Shown will be how to find data for an area of interest, explore the resulting metadata, perform calculations, and visualize the results.

In [None]:
# initialize holoviews

import holoviews as hv
hv.extension('bokeh')

import geopandas as gpd
import hvplot.pandas
import pandas as pd

# Choose Area of Interest

In [None]:
# AOIs available

from glob import glob
from pprint import pprint

pprint(glob("../aois/*"))

In [None]:
# read the GeoJSON file and create a map

import json
from pathlib import Path

aoi_fname = "../aois/malawi.geojson"

aoi = json.loads(Path(aoi_fname).read_text())

# use folium to display vectors
# Several folium basemap tiles are available:
#   - OpenStreetMap
#   - Stamen Terrain
#   - Stamen Toner
#   - Stamen Watercolor
#   - CartoDB positron
#   - CartoDB dark_matter

import folium

map = folium.Map(tiles='OpenStreetMap')

# add vector to map, as transparent polygon
folium.GeoJson(aoi, style_function = lambda x: {'fillColor': '#00000000'}).add_to(map)

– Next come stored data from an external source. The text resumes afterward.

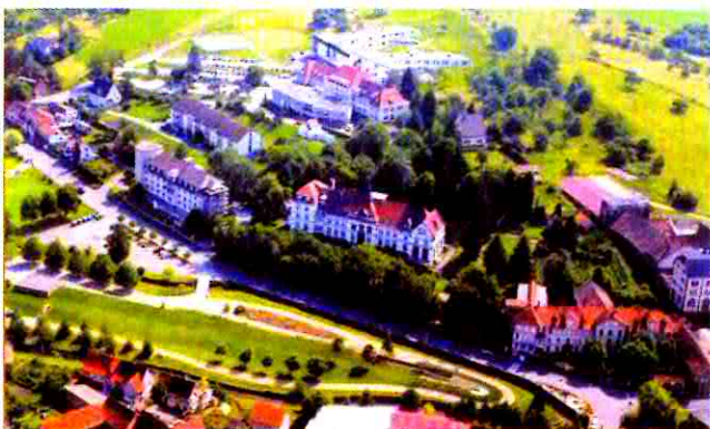
Groupe hospitalier du Neuenberg

Cependant, sous l'effet des mutations économiques de la seconde moitié du 20 ème siècle, l'industrie régressa.
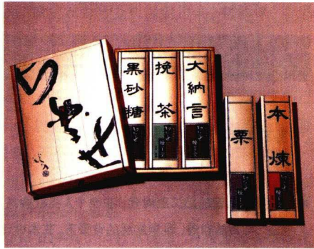
图5 秋月繁包装作品

面”。锥面与木材的结合，本身就是天然的符契。民间的锥面具图案本身就是描绘在木制材料上的。他在设计民间包装包装时，最大限度的保留原生态的木纹，给人以自然的亲切感。（图4）
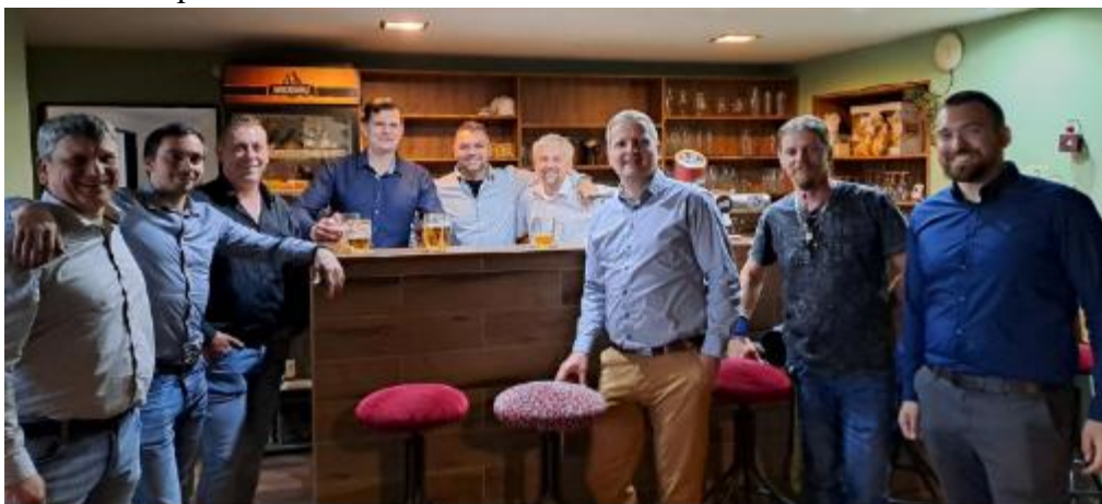
Posezení ke Dni matek v květnu 2025

Závěrečné hodnocení činnosti za rok 2025 vyhodnotí velitel sboru, ale již nyní můžeme zhodnotit končící rok jako rokem úspěšným. Převzali jsme do užívání vozidlo VW Caravelle, členové JSDHO rozvíjeli své znalosti o technice, radiové komunikaci a prošli školením řidičů. Plánované tradiční akce sboru byly uskutečněny, až na odvolání jarních maškarních plesů zapříčiněného odchodem provozovatele kulturního zařízení. Novou zkušeností bylo zajištění květnového posezení ke Dni matek.
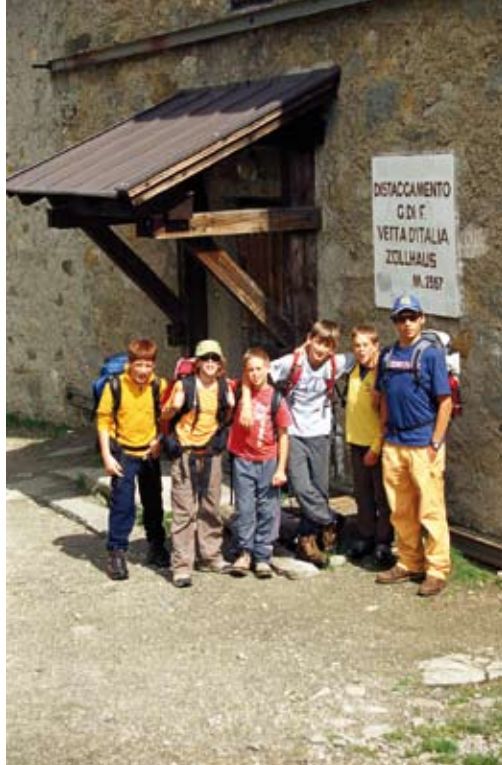
Rifugio Vetta d'Italia
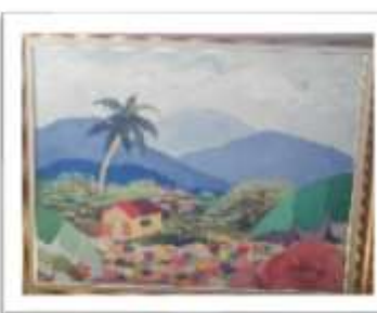
OBR-00045 AUTOR: CLAUDIO PACHECO RD$16,000.00
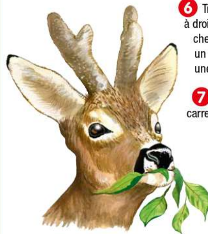
CHEVREUIL / DESSIN PP.

7 Prendre à gauche et rejoindre le carrefour des Vieilles-Ventes.
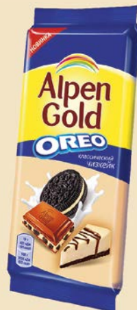
Шоколад АЛПЕН ГОЛД Орео молочный чизкейк и печенье, 95 г
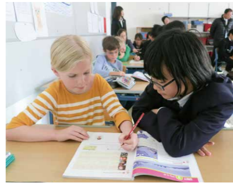
リンツ・インターナショナルスクールオウホフ校にて、授業を見学。現地の子どもたちと交流します。
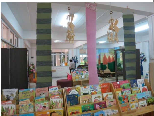
ห้อยปลาตะเพียนสัญลักษณ์ของอุรุษยา
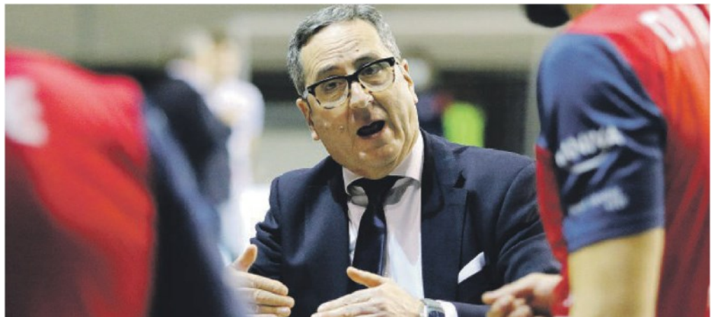
AMAREZZA Prisma sconfitta dopo essere stata in vantaggio 2-0. Il coach Di Pinto e un muro iconico

CLASSIFICA -Tonno Callipo Calabria Vibo Valentia 32 punti; BCC Castellana Grotte 27; Agnelli Tipiesse Bergamo 26; Kemas Lamipel Santa Croce 24; Delta Group Porto Viro, Pool Libertas Cantù 23; Videx Yuasa Grottazzolina 22; BAM Acqua S.Bernardo Cuneo, Conad Reggio Emilia, Consoli McDonald's Brescia 20; Tinet Prata di Pordenone 19; Consar RCM Ravenna 18; Cave del Sole Lagonegro 15; HRK Motta di Livenza 5.
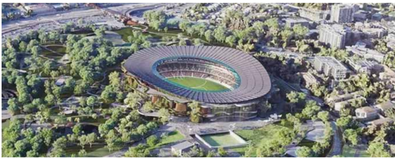
○ ملعب بريزبين

وأظهر فونسيكا جانباً مختلفاً من أدائه بعد عودته من خسارة مجموعتين أمام كل من الكرواتي دينو بريجميتش في الدور الثاني وديوكوفيتش الجمعة. تغلب على رود، وصيف بطولة فرنسا المفتوحة مرتين، في مباراة ماراثونية استمرت ثلاث ساعات و55 دقيقة وانتهت في تمام الساعة 12:27 صباحاً بالتوقيت
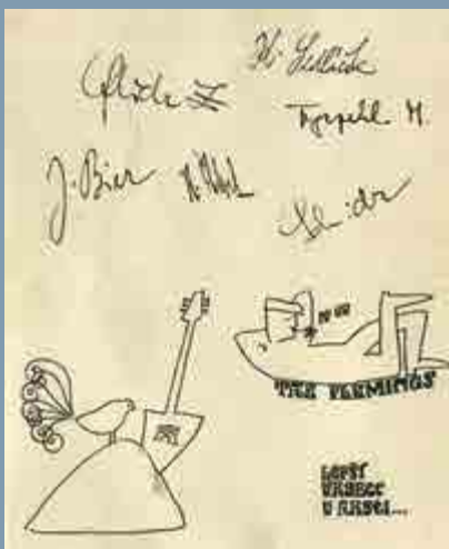
Novoročenka skupiny Flemings z Ostrova nad Ohří

Letmý a hrubě neúplný výčet jmen hrdinů rock'n'rollové fronty těch let: v Ašském výběžku operovali krom přeživších průkopníků Amigos ještě LHP, na jejichž produkce vzpomínají
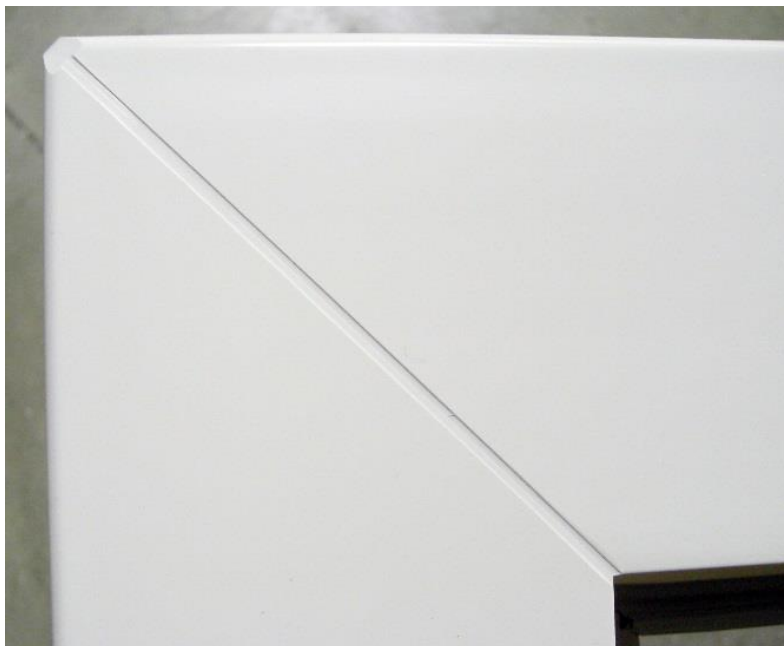
Das ist die zuvor verwendete 5-mm-Nut.

Bei allen weiteren Fragen stehen wir Ihnen natürlich gern zur Verfügung!

# fit the map to the bounds of the data
lons = [x[0] for x in aoi["geometry"]["coordinates"][0]]
lats = [x[1] for x in aoi["geometry"]["coordinates"][0]]
map.fit_bounds([(min(lats), min(lons)), (max(lats), max(lons))])

map

# Data Discovery

Use pystac-client to find data in the Landsat STAC API. First, fetch the collection of interest: Landsat Collection 2, Level 2 Surface Reflectance (landsat-c2l2-sr) and print the assets that are available. Then make a query with an AOI, date range, and search parameters.

The Landsat Items are all the asset URLS are updated to use the provided s3 URLs which can be used for direct access rather than the default https URLs. This is because the alternate extension is not yet supported in PySTAC, when it is there will be an easier way to specify which alternate URL, if any, to use for the assets.

In [None]:
from pystac_client import Client

api = Client.open("https://landsatlook.usgs.gov/stac-server")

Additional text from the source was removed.